Of course Samsung will appeal, and the saga will continue for months to come and might have a totally different outcome in the end.

Especially internationally. The US isn't the only market out there....
 
You could say so, however isn't it always the case in hindsight that an idea like pinch to zoom becomes and seems so essential? Given the circumstances that they were offered to licence some of those patents and refused to, is something to question.

Exactly. If it was such an essential and obvious feature. Samsung had a huge head start in the phone industry. Why did they not such things years before the iPhone. I think people who think Apple is wrong need to think about how they would feel if their competitors were using their great ideas.
 
I dont see how samsung is supposed to get around pinch and zoom, its an essential component to a touch screen.

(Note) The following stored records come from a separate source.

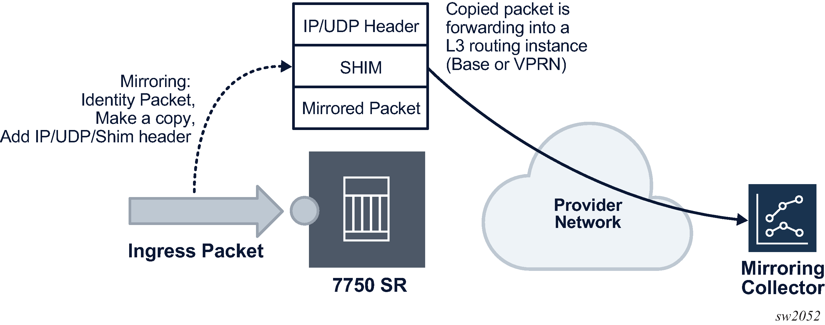 Mirroring can be implemented on SAPs or ingress network interfaces. The Flexible Fast Path processing complexes preserve the original packet throughout the forwarding and mirroring process, making any necessary packet changes, such as adding encapsulation, on a separate copy.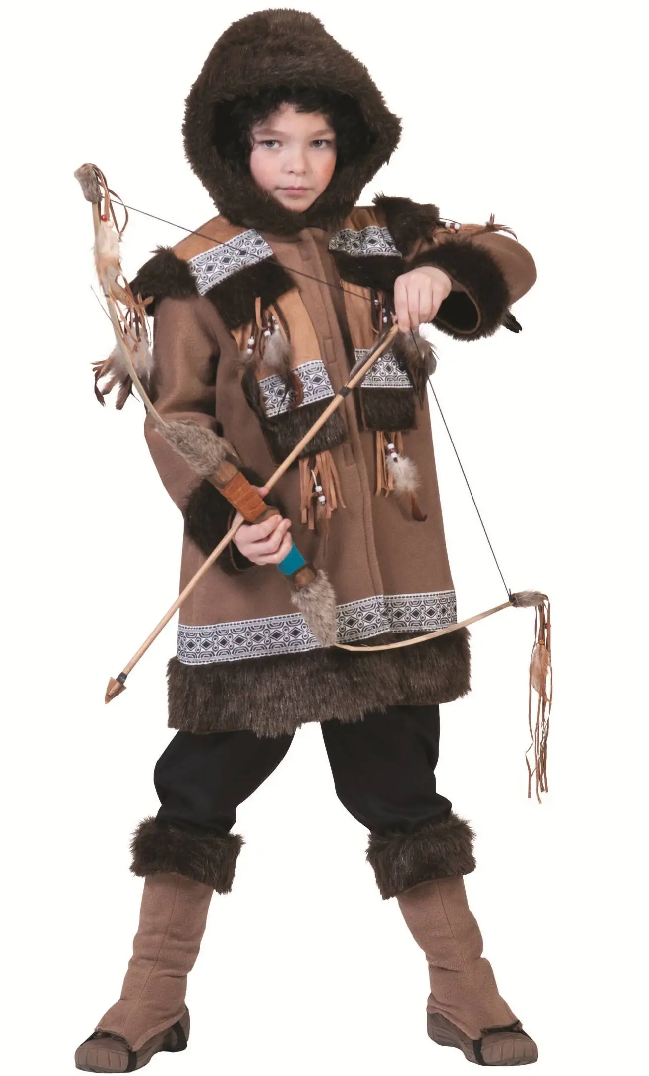 Costume d’esquimau pour enfant. Le déguisement comprend une veste longue à capuche et une paire de sur-bottes. Pantalon et arc ne sont pas fournis.
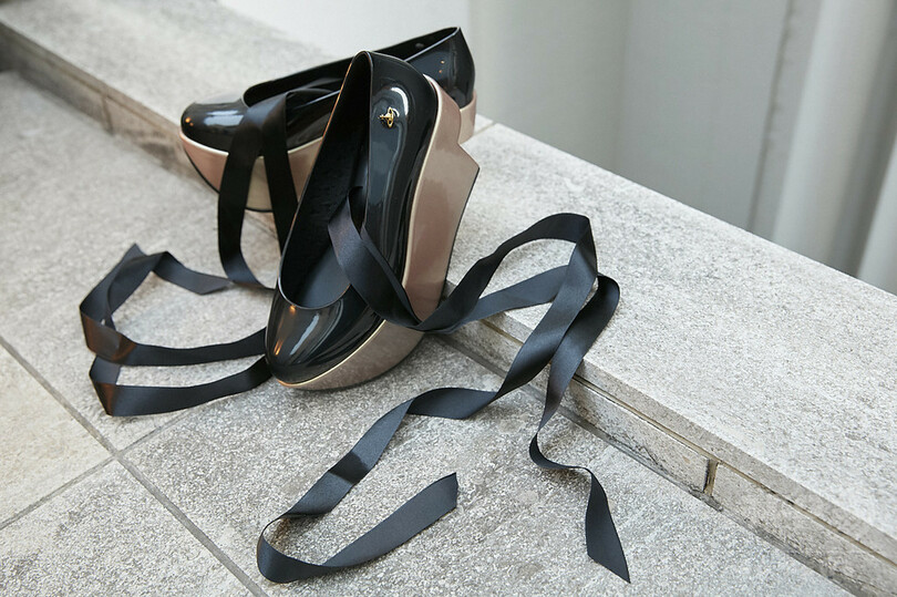「ヴィヴィアン・ウエストウッド」を象徴するプラットフォームシューズ「ロッキンホース・バレリーナ」は、2016年秋冬シーズンに発表され、人気を集めた。リサイクル可能なプラスチックシューズで知られる「メリッサ」は、プラットフォームのベース、アンクルリボンといったオリジナルのデザインを見事に再現。今季はブラック×ゴールドのスペシャルエディションで登場する。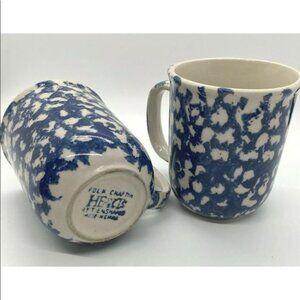 Tienshan Hearts Folk Craft Blue Sponge Design Stoneware Coffee Mugs Cups

And Apple invented it. No one before had found a way to bring that concept to the mass market, if they even had that concept (like Jeff Han). It's one of the technologies that made the iPhone so useable and so intuitive. Why shouldn't Apple want to protect something that helped make their product a success? And why couldn't Samsung find a different way to implement a zoom on a smartphone? What if there was a roller below the screen? What if you tapped on the screen and that brought up a slider? Perhaps those aren't as elegant as Apple's solution, but there are other methods; Samsung took the easy way out.
 
Welcome to the new Apple! " Waaaa! We refuse to update our phones/OS and wonder why why competition starts steaming ahead ".

I"ve been buying macs for over a decade, but the way Apple has been behaving lately, shows apple is anti innovation, and anti competition. They are worse than the 90s Microsoft. They would rather sue the company that beat them at their own game than compete with them.

Welcome to the new uninformed message board troll - bury your head in the sand and cry about the patent system.
 
The fact pinch and zoom as well as a grid payout with rounded icons can be patented this is completely nuts.

Excuse me while I patent the rear view mirror and sue any car maker that dare use it.

I dont see how samsung is supposed to get around pinch and zoom, its an essential component to a touch screen.

I agree regarding pinch zoom, but have another thought regarding grid layout and rounded icon corners. I could be wrong, but I thought the main argument against that was more like a trademark infringement: that samsung's products, including the grid, icons, and other features, looked too much like apple's products and were confusing customers.
 
Steve Jobs: "Picasso had a saying - `good artists copy, great artists steal' - and we have always been shameless about stealing great ideas."

Maybe those companies Apple stole from will now sue Apple for billions.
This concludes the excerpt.